◆ **DESCRIPTION OF THE TASK**
Lines from the one with "Обои Нежный розовый" through the end of the records, and no others, are what the answer should contain, copied exactly; please keep pictures out.

*** EXTRACTED RECORDS ***

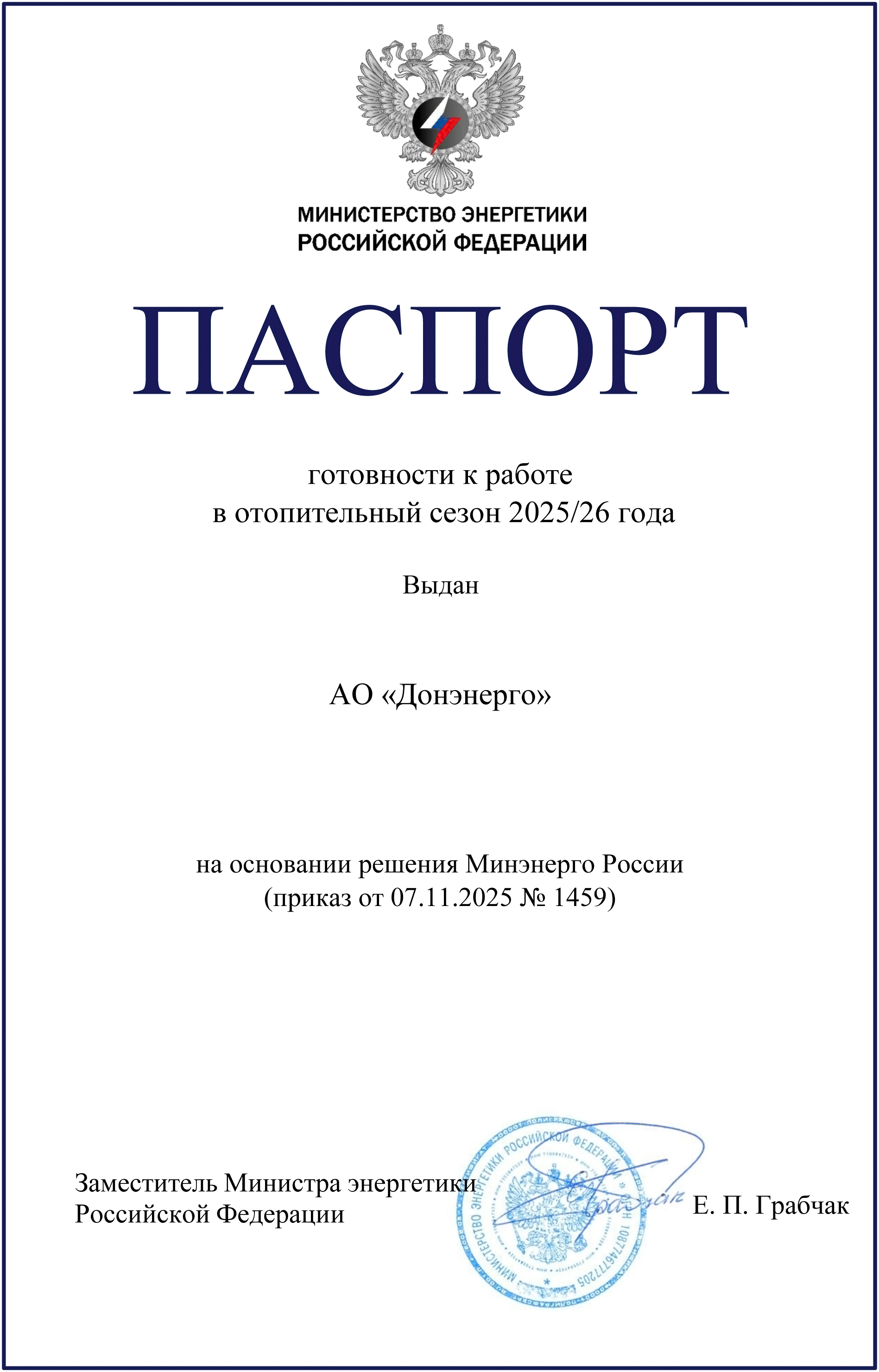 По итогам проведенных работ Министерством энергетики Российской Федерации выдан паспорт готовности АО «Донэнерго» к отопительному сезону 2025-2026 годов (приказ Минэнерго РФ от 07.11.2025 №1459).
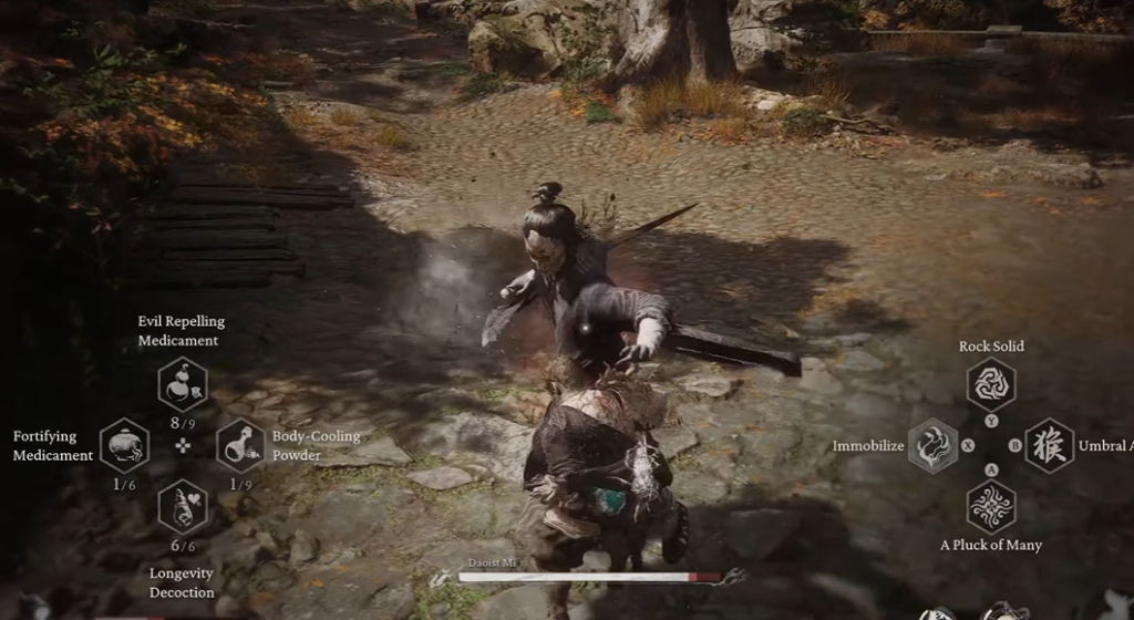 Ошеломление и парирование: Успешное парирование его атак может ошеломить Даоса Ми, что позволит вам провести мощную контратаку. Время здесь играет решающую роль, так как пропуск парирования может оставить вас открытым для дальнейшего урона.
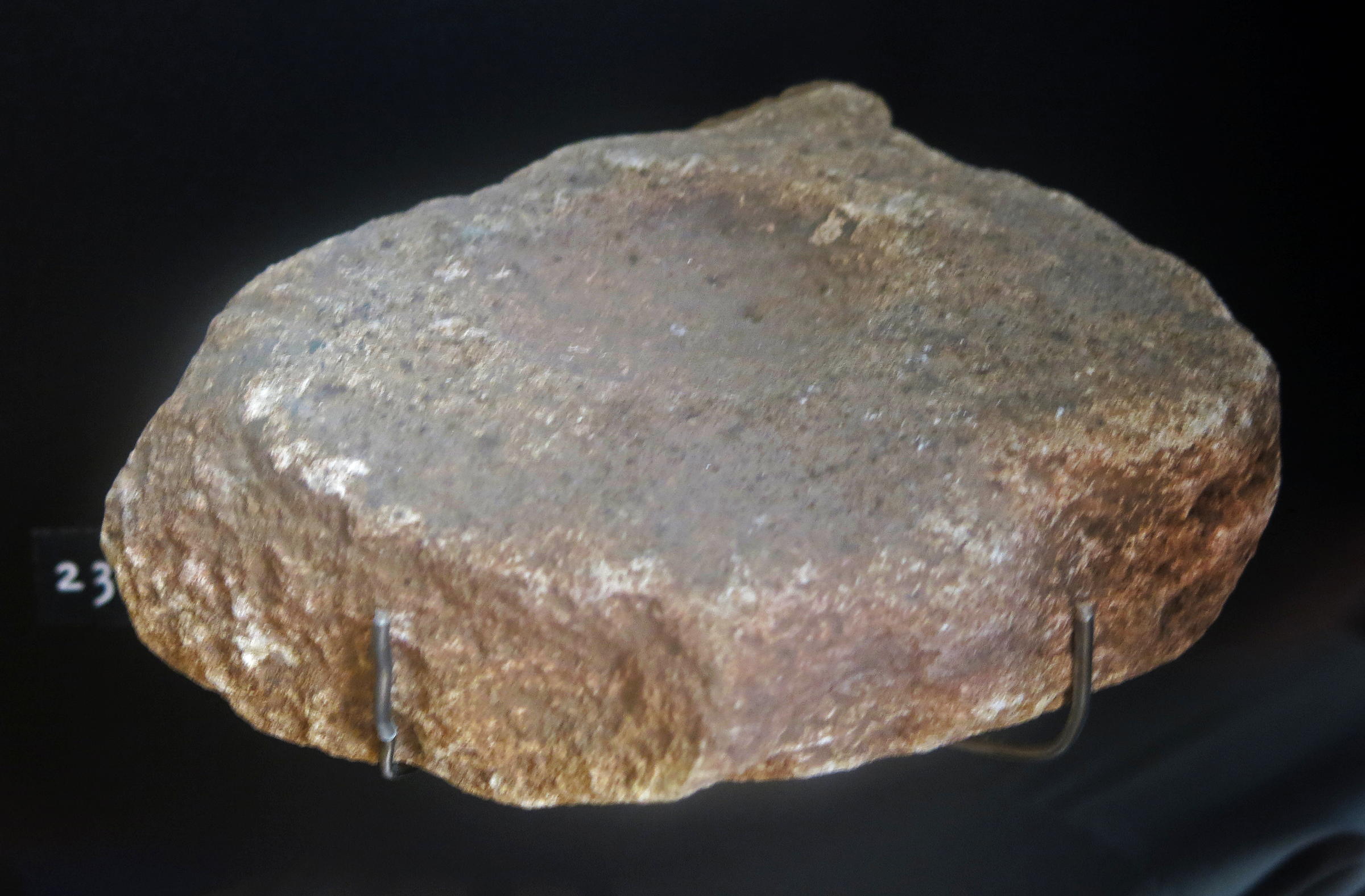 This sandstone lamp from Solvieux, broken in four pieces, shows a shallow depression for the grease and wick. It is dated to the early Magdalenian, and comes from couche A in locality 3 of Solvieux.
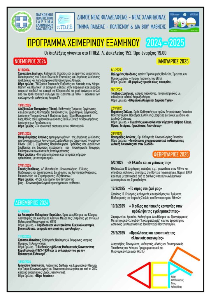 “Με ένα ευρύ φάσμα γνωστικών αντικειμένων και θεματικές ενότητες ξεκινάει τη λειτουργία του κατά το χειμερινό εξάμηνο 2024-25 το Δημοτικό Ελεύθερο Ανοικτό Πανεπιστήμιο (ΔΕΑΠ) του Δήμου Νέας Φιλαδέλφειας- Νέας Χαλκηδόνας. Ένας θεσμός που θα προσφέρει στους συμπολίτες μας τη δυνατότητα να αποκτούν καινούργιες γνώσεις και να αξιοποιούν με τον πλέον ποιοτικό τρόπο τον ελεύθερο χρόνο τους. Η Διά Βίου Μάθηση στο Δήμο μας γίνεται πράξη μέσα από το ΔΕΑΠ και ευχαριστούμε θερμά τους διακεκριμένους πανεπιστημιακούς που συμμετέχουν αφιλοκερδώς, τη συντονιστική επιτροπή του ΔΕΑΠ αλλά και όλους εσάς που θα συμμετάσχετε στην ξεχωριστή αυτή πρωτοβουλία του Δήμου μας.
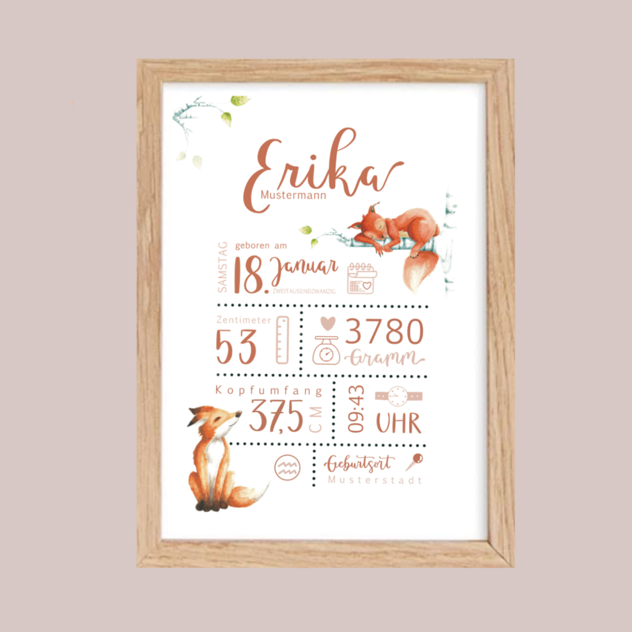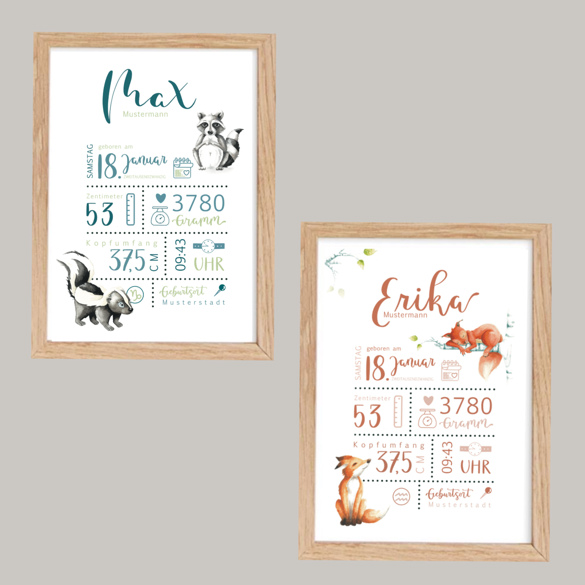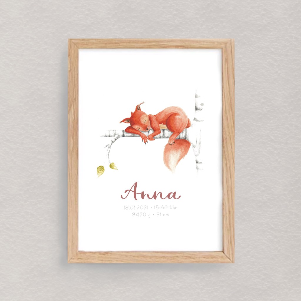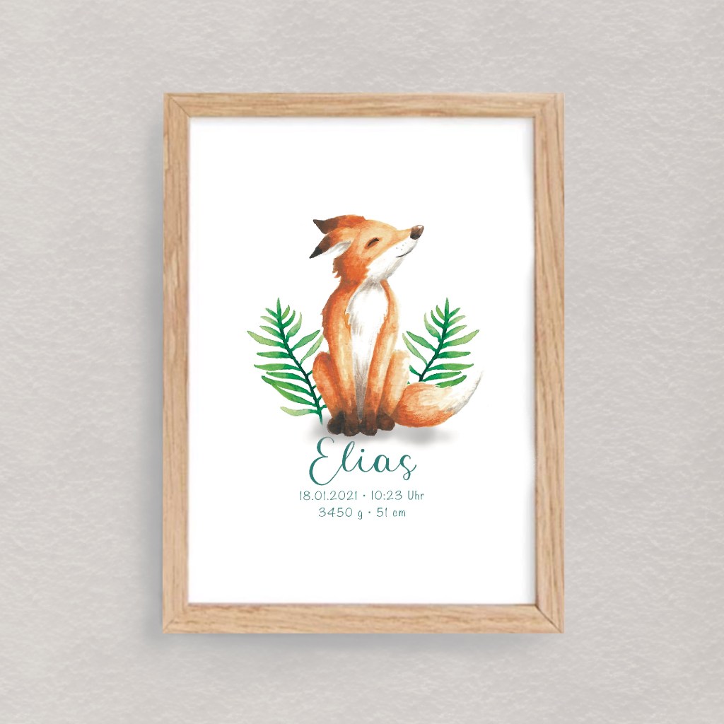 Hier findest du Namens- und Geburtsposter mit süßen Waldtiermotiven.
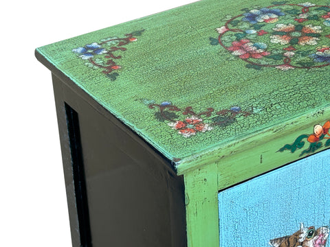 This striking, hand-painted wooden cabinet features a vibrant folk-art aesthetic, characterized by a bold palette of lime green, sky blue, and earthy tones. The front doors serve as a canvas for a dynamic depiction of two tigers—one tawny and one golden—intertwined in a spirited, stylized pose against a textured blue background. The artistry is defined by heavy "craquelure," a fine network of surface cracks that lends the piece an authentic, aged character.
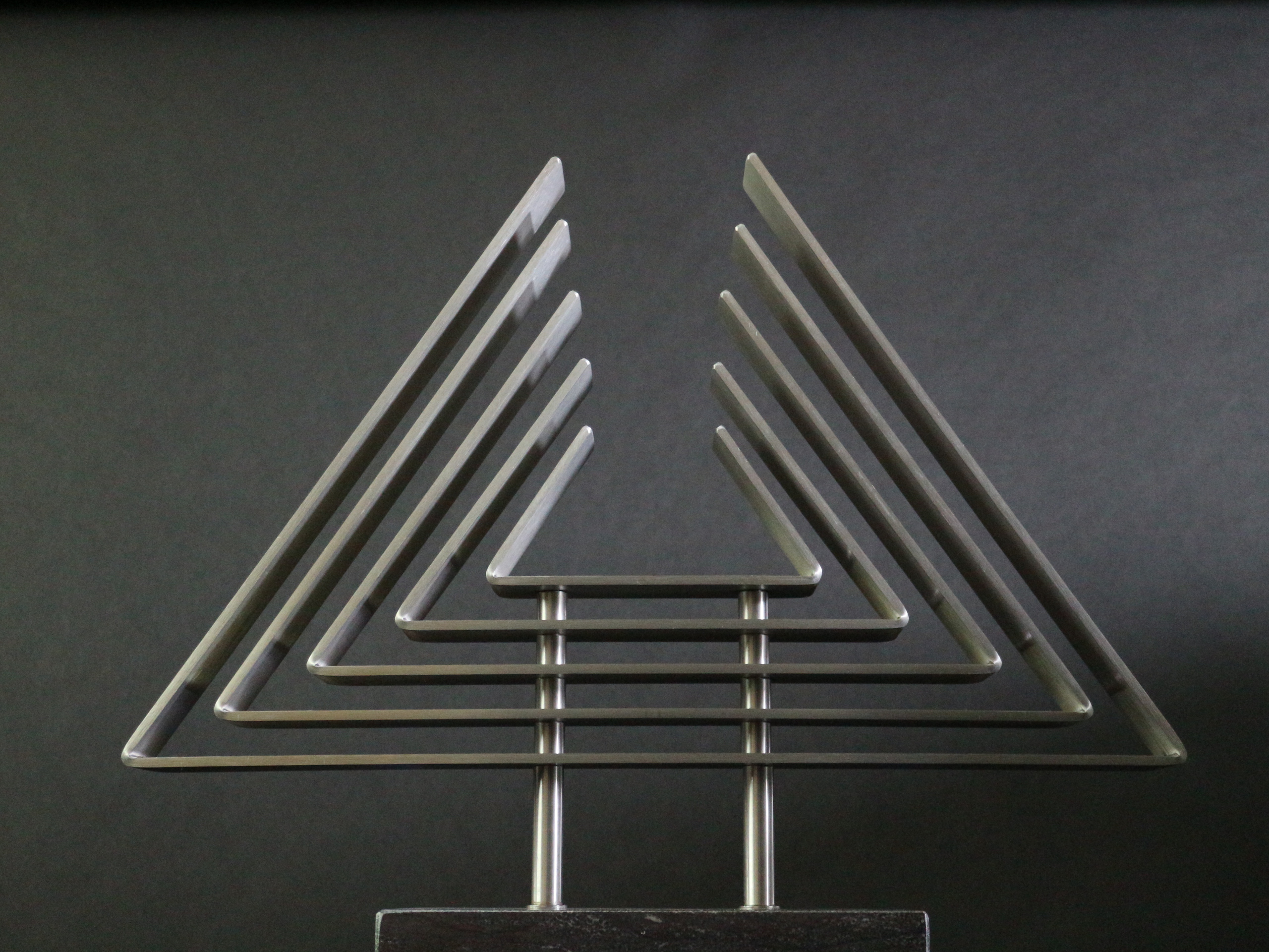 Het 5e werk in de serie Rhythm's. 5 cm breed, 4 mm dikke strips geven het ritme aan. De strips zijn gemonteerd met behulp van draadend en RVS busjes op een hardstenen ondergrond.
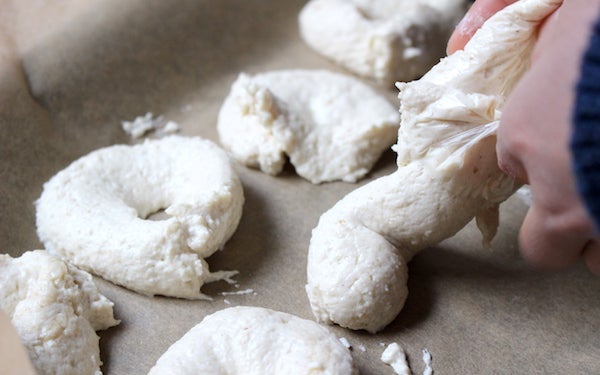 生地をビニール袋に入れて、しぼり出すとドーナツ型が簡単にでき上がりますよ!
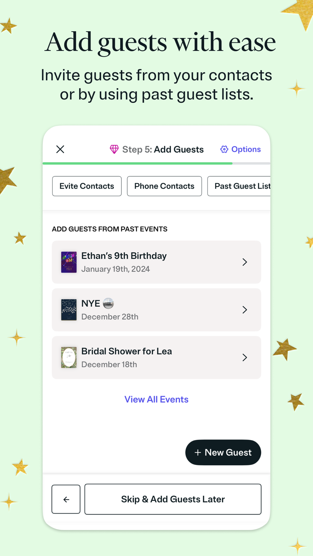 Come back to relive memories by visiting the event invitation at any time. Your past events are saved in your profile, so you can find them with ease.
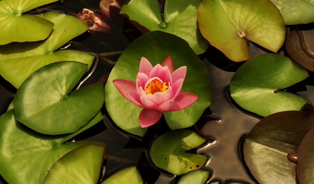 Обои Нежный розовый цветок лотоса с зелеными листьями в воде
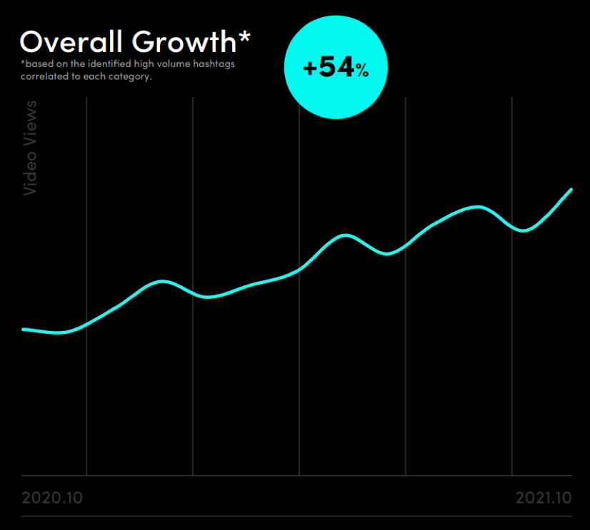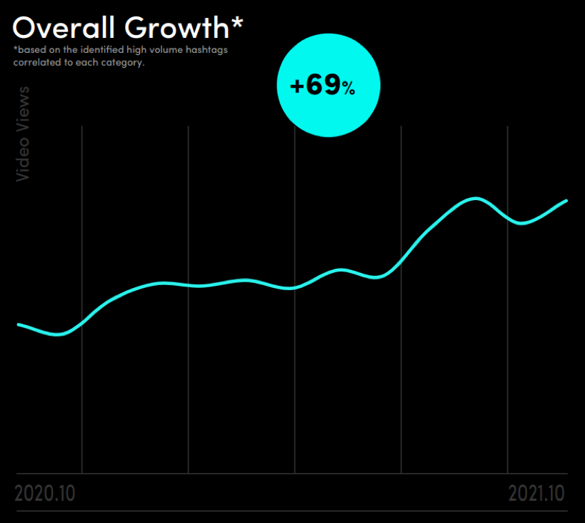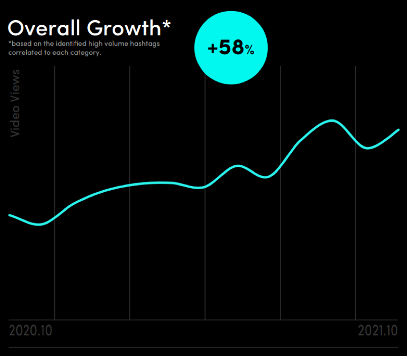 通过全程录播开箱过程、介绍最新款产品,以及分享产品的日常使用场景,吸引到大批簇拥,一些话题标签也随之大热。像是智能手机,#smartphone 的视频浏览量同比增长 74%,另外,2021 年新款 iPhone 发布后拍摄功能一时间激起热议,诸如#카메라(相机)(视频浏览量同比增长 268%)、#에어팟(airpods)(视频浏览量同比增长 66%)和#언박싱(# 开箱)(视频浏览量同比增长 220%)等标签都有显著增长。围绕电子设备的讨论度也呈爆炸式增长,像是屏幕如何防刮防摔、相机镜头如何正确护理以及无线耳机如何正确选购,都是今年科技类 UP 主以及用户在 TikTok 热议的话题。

*** End of EXTRACTED RECORDS ***

◆ **YOUR RESPONSE**
 Обои Нежный розовый цветок лотоса с зелеными листьями в воде
 通过全程录播开箱过程、介绍最新款产品,以及分享产品的日常使用场景,吸引到大批簇拥,一些话题标签也随之大热。像是智能手机,#smartphone 的视频浏览量同比增长 74%,另外,2021 年新款 iPhone 发布后拍摄功能一时间激起热议,诸如#카메라(相机)(视频浏览量同比增长 268%)、#에어팟(airpods)(视频浏览量同比增长 66%)和#언박싱(# 开箱)(视频浏览量同比增长 220%)等标签都有显著增长。围绕电子设备的讨论度也呈爆炸式增长,像是屏幕如何防刮防摔、相机镜头如何正确护理以及无线耳机如何正确选购,都是今年科技类 UP 主以及用户在 TikTok 热议的话题。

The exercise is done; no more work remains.